DESCRIBE FORMATTED <table name> will shows the table structure

Load DATA into Employee table and Retrieve Information

>>> df = spark.read.format("csv")\
.option("header", True)\
.option("inferSchema", True)\
.load("file:///home/hadoop/spark_example/data/employees.csv")

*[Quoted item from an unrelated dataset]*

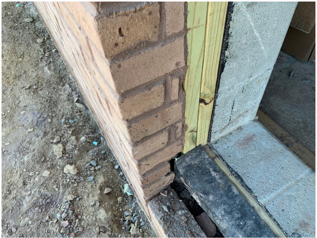
Figure 4 – Typical Window Jamb Detail

>>> df.show(truncate=False)
+-----------+-------------+--------+-------------------------+
|employee_id|employee_name|salary |department |
+-----------+-------------+--------+-------------------------+
|101 |ALAX |500000.0|CONSUMER_SALES |
|102 |TOM |500000.0|CONSUMER_SALES |
|103 |JIM |600000.0|CONSUMER_SALES |
|104 |MARK |500000.0|CONSUMER_SALES |
|105 |TOMI |700000.0|ELETRONIC_SALES |
|106 |AMALI |800000.0|CONSUMER_SALES |
|107 |ROY |900000.0|CONSUMER_SALES |
|108 |FILIP |300000.0|AGRICULTURE_PORDUCT_SALES|
|109 |MONNA |800000.0|CONSUMER_SALES |
|110 |RONME |500000.0|ELETRONIC_SALES |
|111 |SAMULE |500000.0|AGRICULTURE_PORDUCT_SALES|
|112 |TOD |900000.0|AGRICULTURE_PORDUCT_SALES|
|113 |MILI |500000.0|ELETRONIC_SALES |
|114 |KIM |900000.0|AGRICULTURE_PORDUCT_SALES|
|115 |SESELIA |400000.0|ELETRONIC_SALES |
|116 |BRIGHT |300000.0|ELETRONIC_SALES |
|117 |KEN |700000.0|AGRICULTURE_PORDUCT_SALES|
|118 |NATALI |900000.0|ELETRONIC_SALES |
+-----------+-------------+--------+-------------------------+

>>> df.printSchema()
root
|-- employee_id: integer (nullable = true)
|-- employee_name: string (nullable = true)
|-- salary: double (nullable = true)
|-- department: string (nullable = true)
# enable the Header into dataframe
.option("header", True)

# enable the feature to create schema
#(Data Type from each column) for each field by record
.option("inferSchema", True)

# loads function will load the data from any source
# source such as file://, hdfs://, http(s):// s3://
.load("<file or data soruce location>)

# It will print the dataframe schema (column and data type)
df.printSchema()

Insert Data into employee table by PySpark

Procedure
1. Create Temp Table for DataFrame so we can run SQL Query
2. Create Insert Query By HiveQL
3. Insert data by pyspark.sql
4. Write the SQL query for Show Hive Table Data
5. Show the data from table
>>> df.createOrReplaceTempView("temp_employee_dataframe")
>>> emp_insert_query="INSERT OVERWRITE TABLE spark_example.employees \
SELECT\
employee_id,\
employee_name,\
salary,\
department \
FROM temp_employee_dataframe;"
>>> spark.sql(emp_insert_query).show()
>>> emp_query = "SELECT * FROM spark_example.employees"
>>> spark.sql(emp_query).show(truncate=False)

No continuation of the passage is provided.